WORK TO BE COMPLETED => Beginning with the line containing "Arab mother and" and ending with the line containing "터키 친구의 손에 이끌려", write out each line of the records below exactly; pictures and lines outside that range are left out.

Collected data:
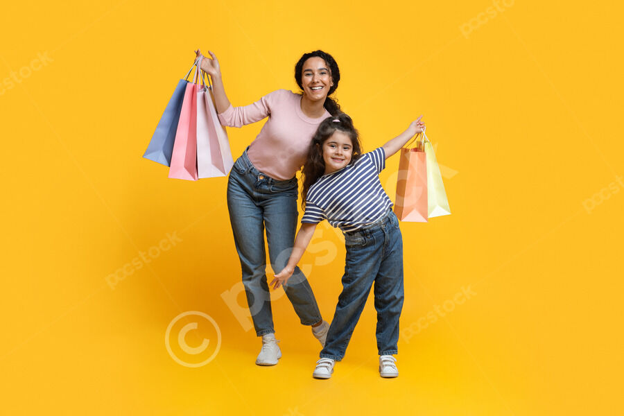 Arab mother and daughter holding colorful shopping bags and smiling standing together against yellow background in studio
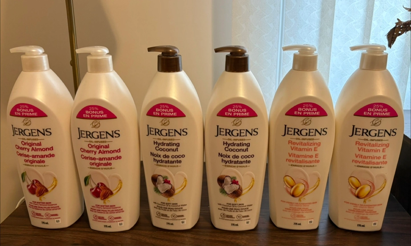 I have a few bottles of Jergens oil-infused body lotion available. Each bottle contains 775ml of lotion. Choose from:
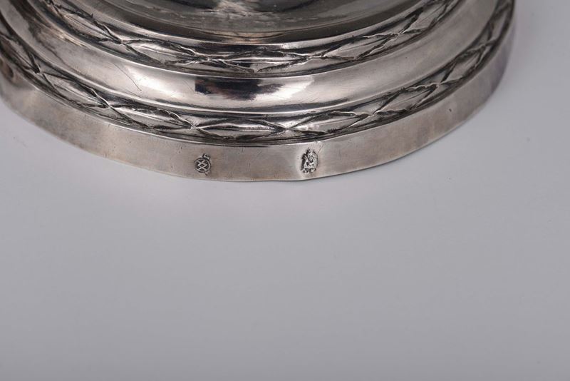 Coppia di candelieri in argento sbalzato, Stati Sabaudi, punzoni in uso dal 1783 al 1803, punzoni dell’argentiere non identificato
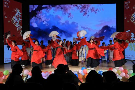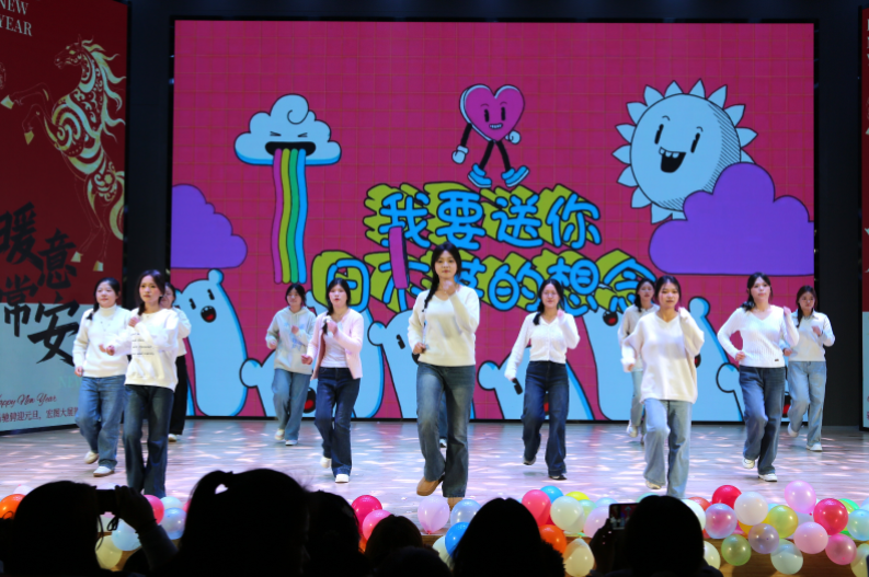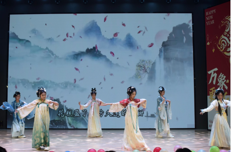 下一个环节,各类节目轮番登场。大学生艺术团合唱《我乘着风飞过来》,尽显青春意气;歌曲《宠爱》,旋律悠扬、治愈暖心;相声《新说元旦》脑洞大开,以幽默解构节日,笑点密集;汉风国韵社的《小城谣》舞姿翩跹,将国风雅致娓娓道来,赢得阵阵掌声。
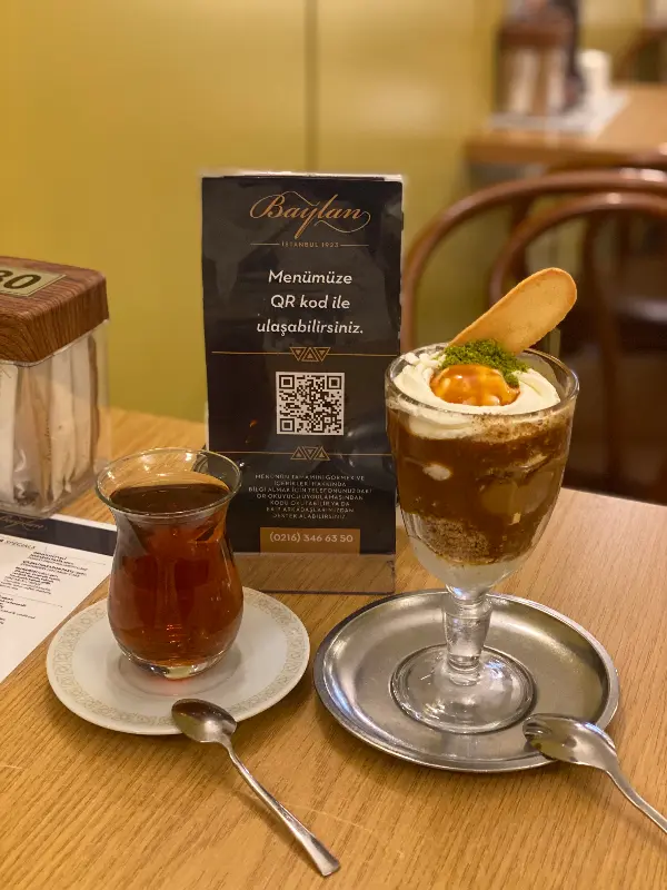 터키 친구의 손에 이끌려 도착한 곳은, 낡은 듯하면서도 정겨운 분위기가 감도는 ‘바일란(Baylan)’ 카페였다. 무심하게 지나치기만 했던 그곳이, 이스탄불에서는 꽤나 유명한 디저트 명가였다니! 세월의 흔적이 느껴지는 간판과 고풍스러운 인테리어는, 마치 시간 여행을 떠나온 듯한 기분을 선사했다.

---

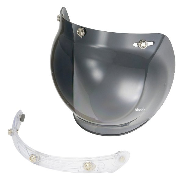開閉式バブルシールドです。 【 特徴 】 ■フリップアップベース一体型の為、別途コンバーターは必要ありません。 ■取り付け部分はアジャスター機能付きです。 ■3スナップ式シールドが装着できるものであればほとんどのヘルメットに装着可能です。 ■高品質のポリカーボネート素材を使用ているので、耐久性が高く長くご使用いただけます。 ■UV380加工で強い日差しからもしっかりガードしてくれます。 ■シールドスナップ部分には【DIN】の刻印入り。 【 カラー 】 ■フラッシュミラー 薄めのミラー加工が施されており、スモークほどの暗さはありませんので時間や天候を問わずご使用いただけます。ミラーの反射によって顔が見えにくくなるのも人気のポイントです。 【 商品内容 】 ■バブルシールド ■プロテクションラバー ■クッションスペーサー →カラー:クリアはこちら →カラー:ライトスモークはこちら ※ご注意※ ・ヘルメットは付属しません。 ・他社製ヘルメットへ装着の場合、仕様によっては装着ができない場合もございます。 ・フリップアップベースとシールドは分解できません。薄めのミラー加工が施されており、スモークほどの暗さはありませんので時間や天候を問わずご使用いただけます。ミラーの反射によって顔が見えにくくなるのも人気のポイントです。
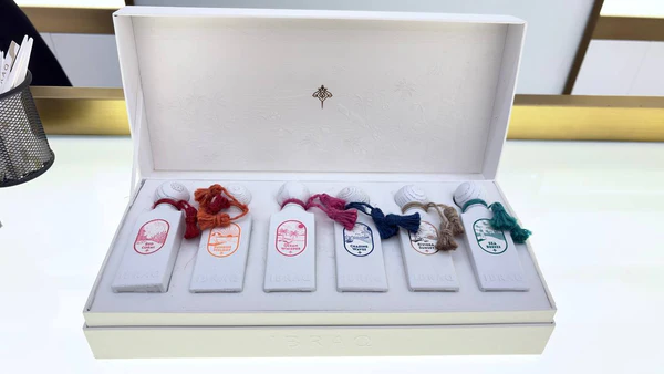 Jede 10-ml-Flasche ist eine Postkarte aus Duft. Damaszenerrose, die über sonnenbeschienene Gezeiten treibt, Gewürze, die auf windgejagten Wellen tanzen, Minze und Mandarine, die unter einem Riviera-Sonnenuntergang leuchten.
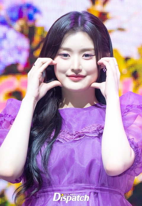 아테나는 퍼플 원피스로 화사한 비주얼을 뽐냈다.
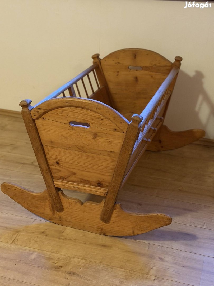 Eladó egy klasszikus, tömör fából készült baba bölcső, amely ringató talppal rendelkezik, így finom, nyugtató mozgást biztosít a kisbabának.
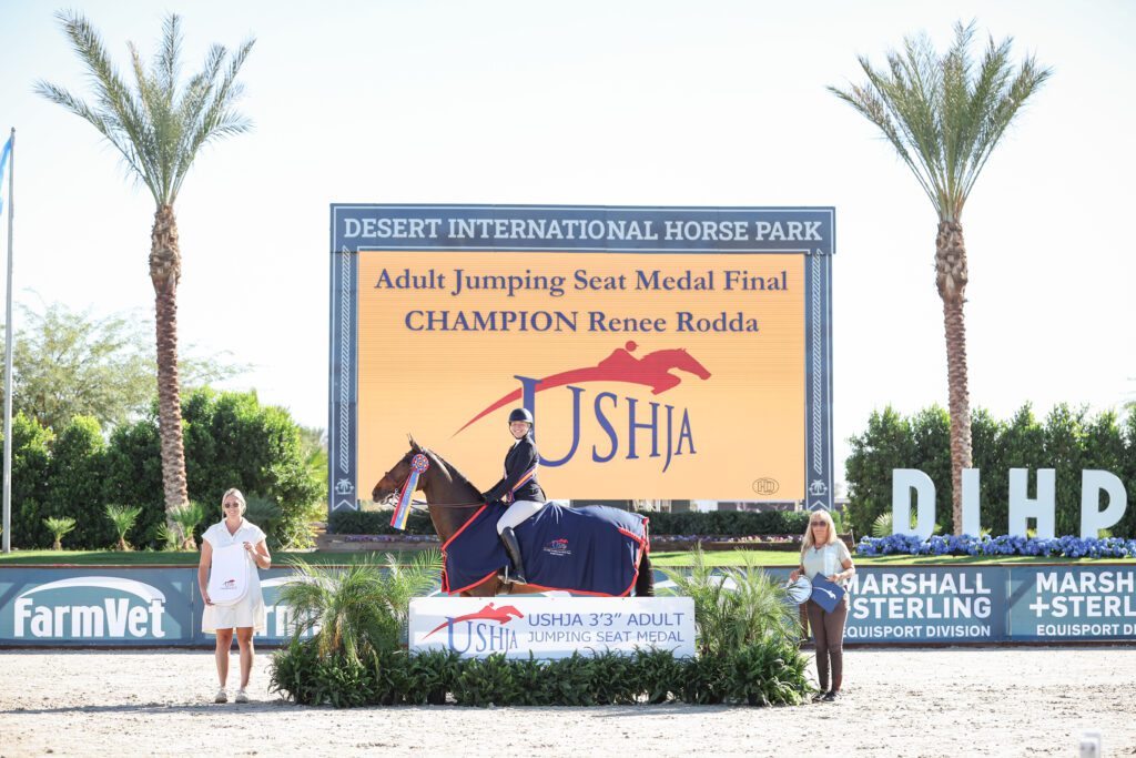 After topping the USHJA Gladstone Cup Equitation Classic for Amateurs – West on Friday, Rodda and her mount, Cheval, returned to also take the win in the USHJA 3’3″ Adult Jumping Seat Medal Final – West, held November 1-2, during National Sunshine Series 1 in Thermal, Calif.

WRITTEN RESPONSE =>
 Arab mother and daughter holding colorful shopping bags and smiling standing together against yellow background in studio
 I have a few bottles of Jergens oil-infused body lotion available. Each bottle contains 775ml of lotion. Choose from:
 Coppia di candelieri in argento sbalzato, Stati Sabaudi, punzoni in uso dal 1783 al 1803, punzoni dell’argentiere non identificato
 下一个环节,各类节目轮番登场。大学生艺术团合唱《我乘着风飞过来》,尽显青春意气;歌曲《宠爱》,旋律悠扬、治愈暖心;相声《新说元旦》脑洞大开,以幽默解构节日,笑点密集;汉风国韵社的《小城谣》舞姿翩跹,将国风雅致娓娓道来,赢得阵阵掌声。
 터키 친구의 손에 이끌려 도착한 곳은, 낡은 듯하면서도 정겨운 분위기가 감도는 ‘바일란(Baylan)’ 카페였다. 무심하게 지나치기만 했던 그곳이, 이스탄불에서는 꽤나 유명한 디저트 명가였다니! 세월의 흔적이 느껴지는 간판과 고풍스러운 인테리어는, 마치 시간 여행을 떠나온 듯한 기분을 선사했다.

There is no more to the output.